Let $`w_1,\ldots, w_k\in\Sigma^{\ast}`$ for $`k\in\N`$, $`K=(k_\ta)_{\ta\in \Sigma}`$ a sequence of $`|\Sigma|`$ natural numbers, and $`\psi`$ a $`K-`$valid marking of $`w_1,\ldots, w_k`$. Let $`G_\psi`$ be the graph that has $`\sum_{\ta\in \Sigma} k_\ta`$ nodes, labelled with the letters $`(\ta)_1,\ldots,(\ta)_{k_\ta}`$, for all $`\ta\in \Sigma`$, and the directed edges $`((w_j[i])_{\psi(j,i)},(w_j[i+1])_{\psi(j,i+1)})`$, for all $`j\in[k]`$, $`i\in[|w_j|]`$, and $`((\ta)_i,(\ta)_{i+1})`$, for all occuring $`i`$ and $`\ta\in\Sigma`$. We say that there exists a valid topological sorting of the $`\psi`$-marked letters of the words $`w_1,\ldots,w_k`$ if there exists a topological sorting of the nodes of $`G_{\psi}`$, i.e., $`G_{\psi}`$ is a directed acyclic graph.

The graph associated with the $`K`$-valid marking of $`w_1, w_2`$ from above would have the five nodes $`(\ta)_1,(\ta)_2,(\ta)_3,(\tb)_1,(\tb)_2`$ and the six directed edges $`((\ta)_1,(\ta)_3)`$, $`((\ta)_3,(\tb)_1)`$, $`((\ta)_2,(\tb)_1)`$, $`((\tb)_1,(\tb)_2)`$, $`((\ta)_1,(\ta)_2), ((\ta)_2,(\ta)_3)`$ (where the direction of the edge is from the left node to the right node of the pair defining it). This graph has the topological sorting $`(\ta)_1(\ta)_2(\ta)_3(\tb)_1(\tb)_2`$.
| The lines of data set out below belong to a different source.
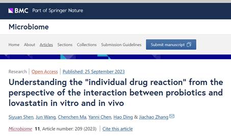 2023年9月26日,bw西汉姆联官网平台食品公司与工程公司及全健康协同创新中心张家超教授团队的最新研究成果“Understanding the “individual drug reaction” from the perspective of the interaction between probiotics and lovastatin in vitro and in vivo”发表于微生物组高水平期刊《Microbiome》(中国科公司大类1区Top期刊,IF=15.5)。研究团队首次阐明了热带益生菌A5对洛伐他汀类药物副作用的缓解机制。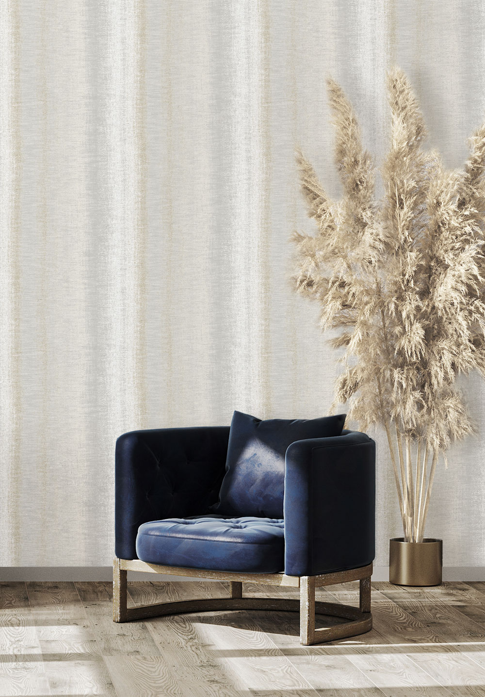 Fein geprägte, gestreifte, grau-beige-goldene Vliestapete mit Vinyloberfläche.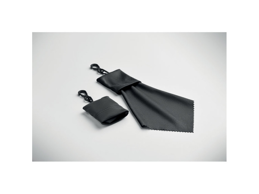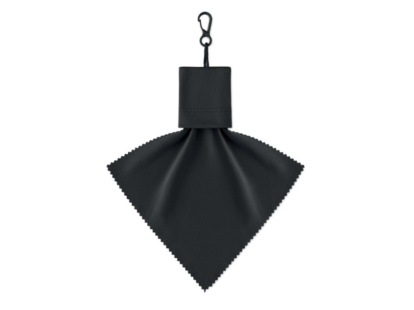 Чистящая салфетка из RPET с чехлом из того же материала и крючком для подвешивания из полипропилена.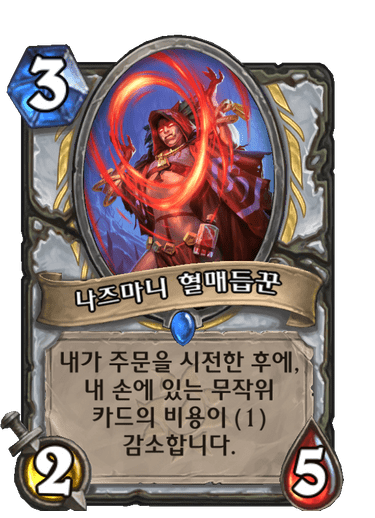 3코 2/5, 내가 주문을 시전한 후에, 내 손에 있는 무작위 카드의 비용이 (1) 감소합니다.

For $`w_1, \ldots, w_k\in \Sigma^*`$ and a sequence $`K=(k_\ta)_{\ta\in \Sigma}`$ of $`|\Sigma|`$ natural numbers, there exists a word $`w`$ such that $`w_i`$ is a scattered factor of $`w`$ with $`|w|_{\ta}=k_\ta`$, for all $`i\in [k]`$ and all $`\ta\in\Sigma`$, if and only if there exist a $`K`$-valid marking $`\psi`$ of the words $`w_1,\ldots,w_k`$ and a valid topological sorting of the $`\psi`$-marked letters of the words $`w_1,\ldots,w_k`$.

Proof. If $`w`$ is such that $`w_i`$ is a scattered factor of $`w`$, for all $`i\in [k]`$, and $`|w|_\ta=k_\ta`$, for all $`\ta\in \Sigma`$, then we can mark the $`i^{th}`$ occurrence of $`\ta`$ as $`(\ta)_i`$, for all $`\ta\in \Sigma`$ and $`i\in [k_\ta]`$. This induces a $`K`$-valid marking $`\psi`$ of the words $`w_i`$, and, moreover, the linear ordering of the nodes of $`G_\psi`$ induced by the order in which the marked letters (i.e., nodes of $`G_\psi`$) occur in $`w`$ is a topological sorting of $`G_{\psi}`$.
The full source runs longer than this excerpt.